Stichococcus bacillaris and Scenedesmus spp., also occurring in soils, have been shown to be almost equally adaptable, though in these cases the organisms grow more slowly in the dark than on the corresponding medium in the light. Liquefaction of gelatine by the secretion of proteolytic enzymes has been shown to be a further property of certain species, resulting in the formation of amino acids such as glycocoll, phenylalanine, dipeptides, etc. This property is, however, possessed by only a limited number of species and in varying degree.
Up to the present very little work of this kind has been done upon algæ actually taken from the soil, and our knowledge is therefore very scanty. Of the species so far examined all show considerable increase in growth on the addition to the medium of glucose and other sugars, and tend to be partially saprophytic; a few have been shown to liquefy gelatine to some extent.
Servettaz, Von Ubisch, and Robbins have also demonstrated that the protonema of some mosses can make use of certain organic substances, especially the sugars, and grow vigorously in the dark. It has been shown, however, that light is essential for the development of the moss plant.
It was thought at Rothamsted that some light might be thrown upon the activities of the soil-algæ by making counts of the numbers present in samples of soil taken periodically within a circumscribed area. A dilution method similar to that in use in the protozoological laboratory was adopted and applied to samples of arable soil taken from the surface, and at depths of 2, 4, 6 and 12 inches vertically beneath. A considerable number of samples were examined in this way from two plots on Broadbalk wheat-field, viz.: the unmanured plot and that receiving a heavy annual dressing of farmyard manure. The numbers in the unmanured soil were observed to fall far short of those in that containing a large amount of organic matter, while in both plots the numbers varied considerably at different times of the year. The chief species in both plots were identical, and their vertical distribution was fairly uniform, but it was observed that the numbers of individuals varied according to the depth of the sample. The 6th and 12th inch samples contained very few individuals of comparatively few species, but the 4th inch samples yielded numbers that were not significantly less than those in the top inch. The 2nd inch sample was usually much poorer in individuals than either the top or the 4th inch.

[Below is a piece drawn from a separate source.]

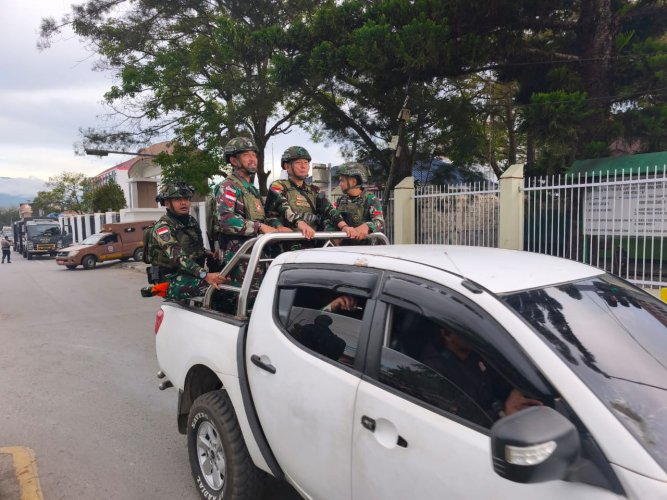 Selanjutnya anggota OMPC II -2024 Wilayah Papua Pegunungan melaksanakan Show Of Force keliling Kota Wamena, Kabupaten Jayawijaya, Provinsi Papua Pegunungan. PNO-12

It is unfortunate that this method of counting is not really satisfactory for the algæ, chiefly because it takes no account of the blue-green forms. The gelatinous envelope which encloses the filaments of these algæ prevents their breaking up into measurable units. Assuming, as appears to be the case for the two plots investigated, that the blue-green algæ are at least as numerous as the green forms, the total numbers should probably be at least twice as great as those calculated. Taking 100,000 as a rough estimate of the number of algæ per gram of manured soil in a given sample, and assuming the cells to be spherical and of average diameter 10µ, it has been calculated that the volume of algal protoplasm present was at least 3 times that of the bacteria though only one-third of that of the protozoa. This is probably only a minimum figure for this sample.
A soil population of this magnitude can not be without effect on the fertility of the soil. When growing on the surface of the ground exposed to sunlight the algæ must, by photosynthesis, add considerably to the organic matter of the soil, but when they live within the soil itself their nutrition must be wholly saprophytic, and they can be adding nothing either to the energy or to the food-content of the soil. How these organisms fit into the general scheme of life in the soil is at present undetermined, and there is a wide field for research in this direction.
III. Relation of Algæ to the Nitrogen Cycle
Probably the most important limiting factor in British agriculture is the supply of nitrogen available for the growing crop, and it seems likely that the soil-algæ are intimately connected with this question in several ways.
Periodic efforts have been made during the last half century to establish the fact that a number of the lower organisms, including the green algæ, have the power of fixing atmospheric nitrogen and converting it into compounds which are then available for higher plants. This property has been definitely established for certain bacteria, and rather doubtfully for some of the fungi, but until recently no authentic proof had been produced that algæ by themselves could fix nitrogen. The subject is too wide to be discussed in much detail here.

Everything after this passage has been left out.